**Task to carry out**.
The records below are to be transcribed exactly from their first line to the line that has "Do mm | 质量 |", inclusive, with every picture omitted.

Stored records
★ ★ ★ ★

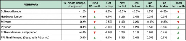 미국 노동 통계국(U.S. Bureau of Labor Statistics)에 따르면, 2026년 2월 침엽수 제재목 생산자 물가(PPI)는 0.3% 하락한 반면, 활엽수 제재목 생산자 물가(PPI)는 0.5% 상승하며 1월의 0.3% 상승세를 이어갔습니다. 목공 제품 생산자 물가(PPI)는 1월의 0.4% 하락에 이어, 2월에도 0.3% 하락했습니다. 합판 생산자 물가(PPI)는 1월에 0.5% 상승한 데 이어서 2월에도 0.8% 상승했습니다. 최종 수요 생산자 물가지수(PPI)는 1월 0.5% 상승에 이어 2월에는 0.7% 상승했는데, 이는 서비스 가격이 0.5%, 상품 가격이 1.1% 각각 상승한 데 따른 것입니다. 2월 최종 수요 물가 상승분의 절반 이상은 서비스 부문이 차지했습니다. 2026년 2월 최종 수요 생산자 물가의 조정 전 12개월 변동률은 3.4%였습니다.
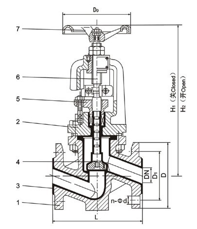 | 公称通径DN | 公称压力MPa | 工作压力MPa | L mm | D mm | D1 mm | n-Φd mm | H1 mm | H2 mm | Do mm | 质量 |
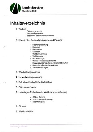 Bei diesem Belegstück handelt es sich um den mehr als 100 Seiten umfassenden "Betriebsplan Forstamt Kusel - Gemeinde Blaubach - Funktionseinheit Lichtenberg". Neben einem eher allgemeinen Einleitungsbericht enthält der Betriebsplan eine detaillierte Beschreibung der 2005 bestehenden forstlichen Situation in Blaubach. Zahlreiche Tabellen und anschauliche Grafiken dokumentieren sowohl den damaligen Bestand als auch die künftig für den Gemeindewald geplante Entwicklung.
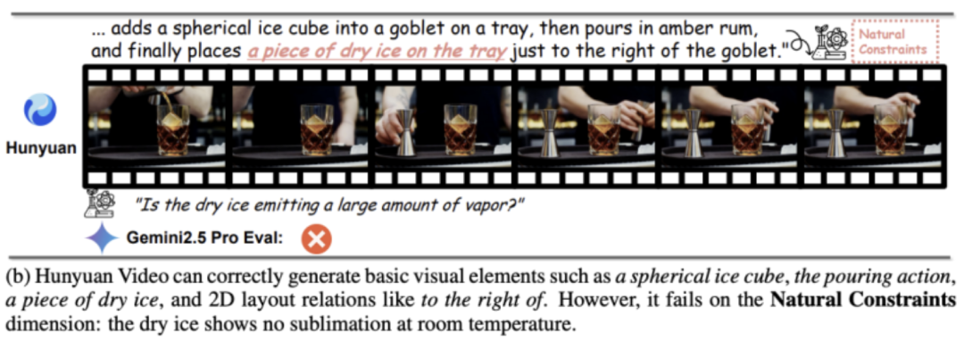 再如,Hunyuan Video能正确生成球形冰块、倒水动作、一块干冰,以及诸如“在右侧”等二维空间布局关系。
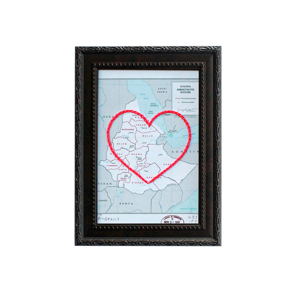 This vintage Ethiopia map print has been hand-embroidered with a red heart that symbolizes the places, people, and adventures you hold dear.
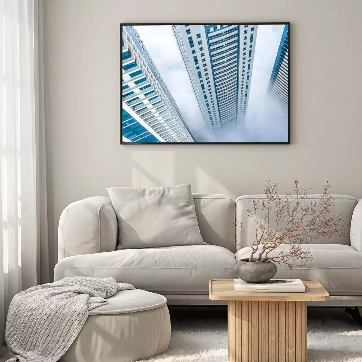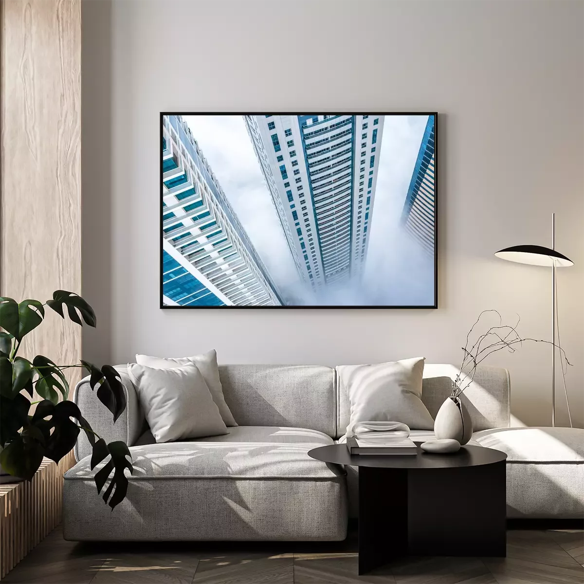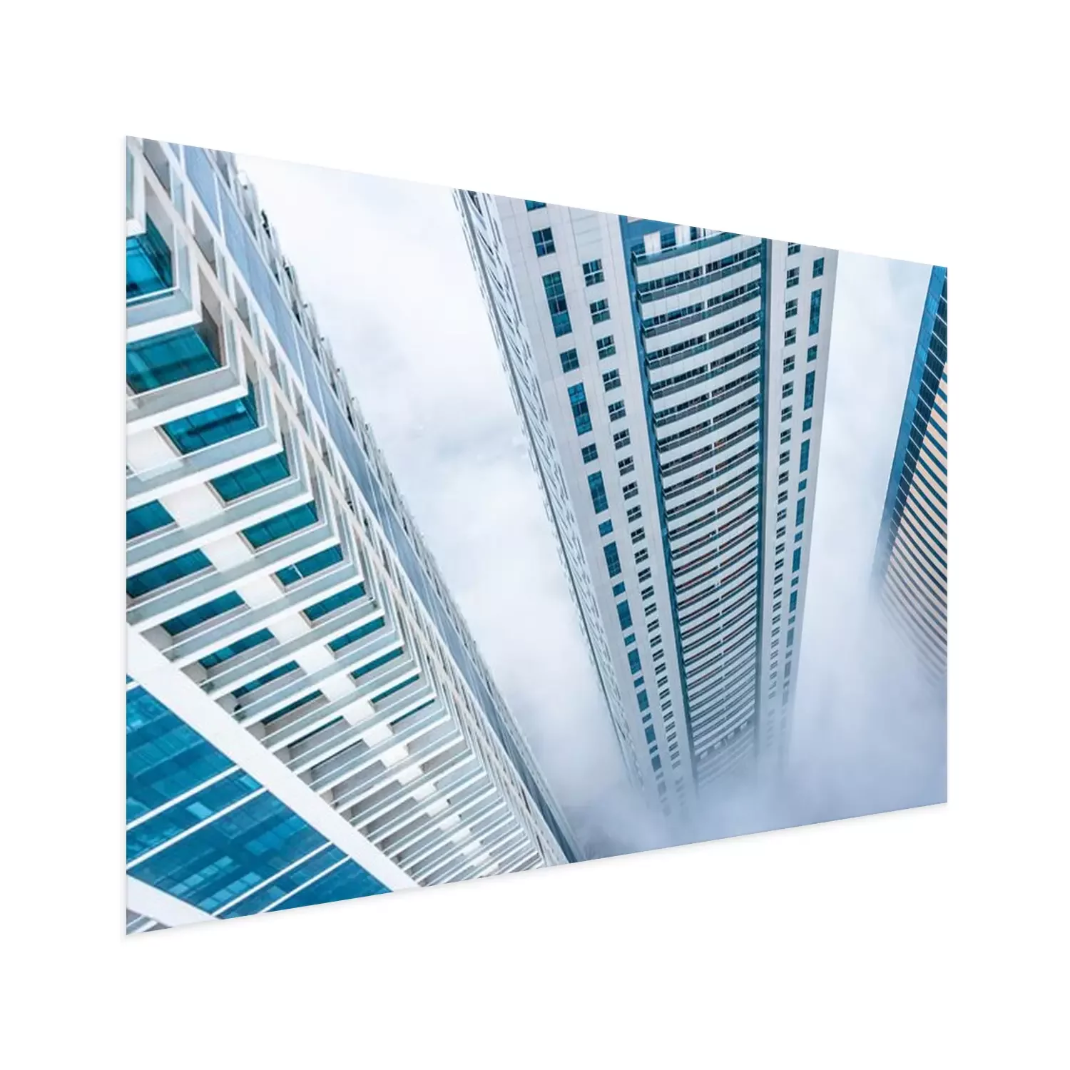 Poster  Vue de dessus d'un gratte-ciel dans le brouillard

★ ★ ★ ★

**Exercise solution**.
 미국 노동 통계국(U.S. Bureau of Labor Statistics)에 따르면, 2026년 2월 침엽수 제재목 생산자 물가(PPI)는 0.3% 하락한 반면, 활엽수 제재목 생산자 물가(PPI)는 0.5% 상승하며 1월의 0.3% 상승세를 이어갔습니다. 목공 제품 생산자 물가(PPI)는 1월의 0.4% 하락에 이어, 2월에도 0.3% 하락했습니다. 합판 생산자 물가(PPI)는 1월에 0.5% 상승한 데 이어서 2월에도 0.8% 상승했습니다. 최종 수요 생산자 물가지수(PPI)는 1월 0.5% 상승에 이어 2월에는 0.7% 상승했는데, 이는 서비스 가격이 0.5%, 상품 가격이 1.1% 각각 상승한 데 따른 것입니다. 2월 최종 수요 물가 상승분의 절반 이상은 서비스 부문이 차지했습니다. 2026년 2월 최종 수요 생산자 물가의 조정 전 12개월 변동률은 3.4%였습니다.
 | 公称通径DN | 公称压力MPa | 工作压力MPa | L mm | D mm | D1 mm | n-Φd mm | H1 mm | H2 mm | Do mm | 质量 |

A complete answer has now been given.